WHAT IS BEING ASKED
Everything in the records except the pictures must be copied out exactly.

#### INFORMATION SUPPLIED

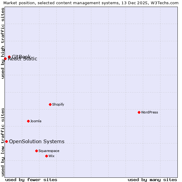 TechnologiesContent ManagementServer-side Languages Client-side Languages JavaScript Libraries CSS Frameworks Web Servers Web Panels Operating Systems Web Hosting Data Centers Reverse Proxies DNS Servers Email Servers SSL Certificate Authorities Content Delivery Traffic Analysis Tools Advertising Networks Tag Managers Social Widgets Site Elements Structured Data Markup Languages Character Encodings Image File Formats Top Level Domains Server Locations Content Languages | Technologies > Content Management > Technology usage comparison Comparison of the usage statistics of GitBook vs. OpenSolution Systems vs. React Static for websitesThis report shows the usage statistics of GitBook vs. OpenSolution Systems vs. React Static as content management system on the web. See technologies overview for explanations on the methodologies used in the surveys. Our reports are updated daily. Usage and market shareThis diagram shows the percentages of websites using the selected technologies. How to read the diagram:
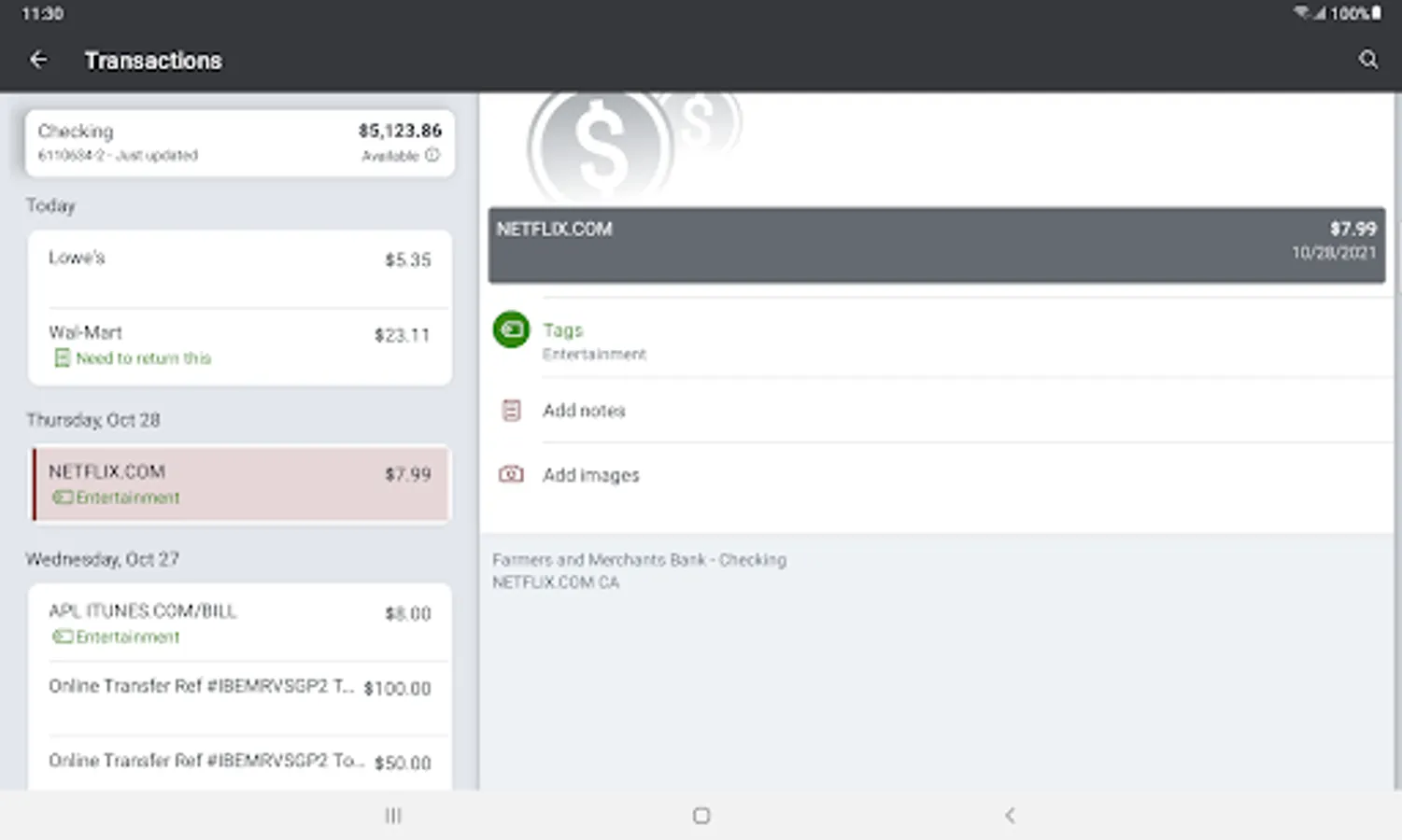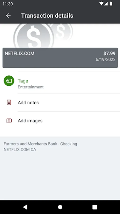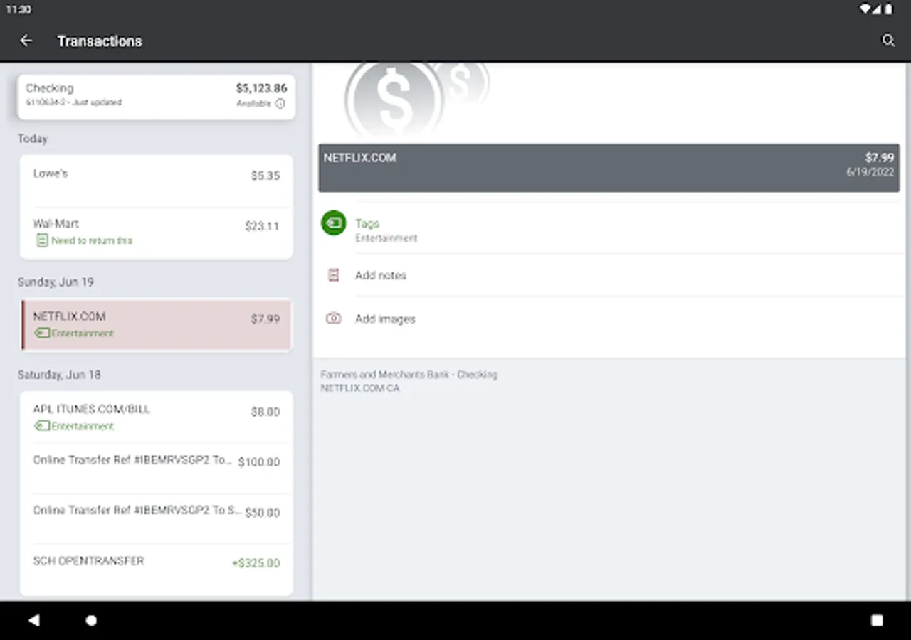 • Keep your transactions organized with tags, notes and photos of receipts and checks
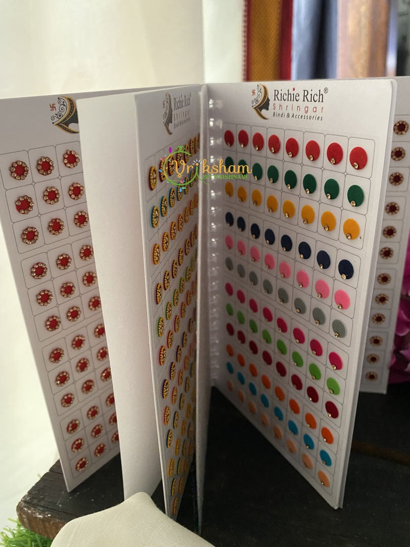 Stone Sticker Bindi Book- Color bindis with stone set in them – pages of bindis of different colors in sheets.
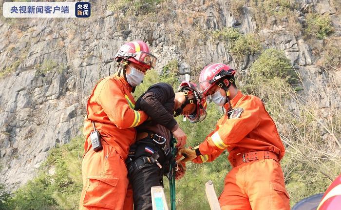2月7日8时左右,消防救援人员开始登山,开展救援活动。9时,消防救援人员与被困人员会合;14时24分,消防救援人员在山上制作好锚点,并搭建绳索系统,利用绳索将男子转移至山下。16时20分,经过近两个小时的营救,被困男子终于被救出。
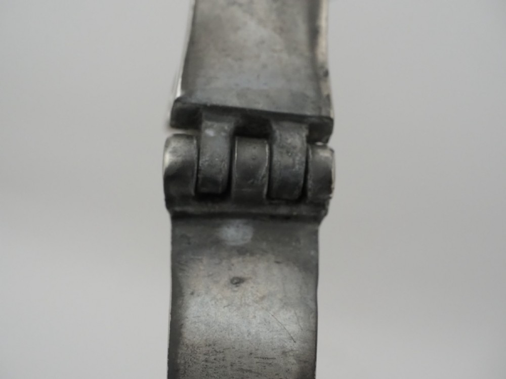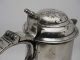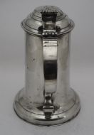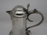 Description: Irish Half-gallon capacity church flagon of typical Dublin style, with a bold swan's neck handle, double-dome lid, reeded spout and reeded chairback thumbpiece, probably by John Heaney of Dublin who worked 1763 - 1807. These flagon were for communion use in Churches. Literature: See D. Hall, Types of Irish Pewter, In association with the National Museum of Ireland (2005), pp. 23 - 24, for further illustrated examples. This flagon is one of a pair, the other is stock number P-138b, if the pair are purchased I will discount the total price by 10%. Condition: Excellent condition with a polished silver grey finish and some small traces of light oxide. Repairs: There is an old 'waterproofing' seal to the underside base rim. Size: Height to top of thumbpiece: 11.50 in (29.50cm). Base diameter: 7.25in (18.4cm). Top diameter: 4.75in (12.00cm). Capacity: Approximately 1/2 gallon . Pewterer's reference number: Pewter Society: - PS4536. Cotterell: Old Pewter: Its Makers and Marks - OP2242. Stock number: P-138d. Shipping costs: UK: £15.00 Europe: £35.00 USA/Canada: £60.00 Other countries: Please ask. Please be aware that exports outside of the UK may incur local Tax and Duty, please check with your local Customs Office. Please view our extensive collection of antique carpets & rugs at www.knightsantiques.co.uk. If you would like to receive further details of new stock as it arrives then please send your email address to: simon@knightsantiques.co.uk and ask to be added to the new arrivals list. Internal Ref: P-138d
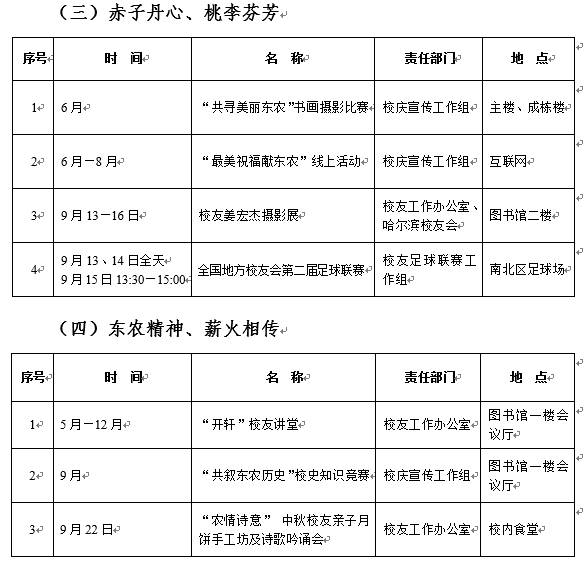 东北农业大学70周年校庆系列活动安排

########

YOUR RESPONSE
 TechnologiesContent ManagementServer-side Languages Client-side Languages JavaScript Libraries CSS Frameworks Web Servers Web Panels Operating Systems Web Hosting Data Centers Reverse Proxies DNS Servers Email Servers SSL Certificate Authorities Content Delivery Traffic Analysis Tools Advertising Networks Tag Managers Social Widgets Site Elements Structured Data Markup Languages Character Encodings Image File Formats Top Level Domains Server Locations Content Languages | Technologies > Content Management > Technology usage comparison Comparison of the usage statistics of GitBook vs. OpenSolution Systems vs. React Static for websitesThis report shows the usage statistics of GitBook vs. OpenSolution Systems vs. React Static as content management system on the web. See technologies overview for explanations on the methodologies used in the surveys. Our reports are updated daily. Usage and market shareThis diagram shows the percentages of websites using the selected technologies. How to read the diagram:
 • Keep your transactions organized with tags, notes and photos of receipts and checks
 Stone Sticker Bindi Book- Color bindis with stone set in them – pages of bindis of different colors in sheets.
2月7日8时左右,消防救援人员开始登山,开展救援活动。9时,消防救援人员与被困人员会合;14时24分,消防救援人员在山上制作好锚点,并搭建绳索系统,利用绳索将男子转移至山下。16时20分,经过近两个小时的营救,被困男子终于被救出。
 Description: Irish Half-gallon capacity church flagon of typical Dublin style, with a bold swan's neck handle, double-dome lid, reeded spout and reeded chairback thumbpiece, probably by John Heaney of Dublin who worked 1763 - 1807. These flagon were for communion use in Churches. Literature: See D. Hall, Types of Irish Pewter, In association with the National Museum of Ireland (2005), pp. 23 - 24, for further illustrated examples. This flagon is one of a pair, the other is stock number P-138b, if the pair are purchased I will discount the total price by 10%. Condition: Excellent condition with a polished silver grey finish and some small traces of light oxide. Repairs: There is an old 'waterproofing' seal to the underside base rim. Size: Height to top of thumbpiece: 11.50 in (29.50cm). Base diameter: 7.25in (18.4cm). Top diameter: 4.75in (12.00cm). Capacity: Approximately 1/2 gallon . Pewterer's reference number: Pewter Society: - PS4536. Cotterell: Old Pewter: Its Makers and Marks - OP2242. Stock number: P-138d. Shipping costs: UK: £15.00 Europe: £35.00 USA/Canada: £60.00 Other countries: Please ask. Please be aware that exports outside of the UK may incur local Tax and Duty, please check with your local Customs Office. Please view our extensive collection of antique carpets & rugs at www.knightsantiques.co.uk. If you would like to receive further details of new stock as it arrives then please send your email address to: simon@knightsantiques.co.uk and ask to be added to the new arrivals list. Internal Ref: P-138d
 东北农业大学70周年校庆系列活动安排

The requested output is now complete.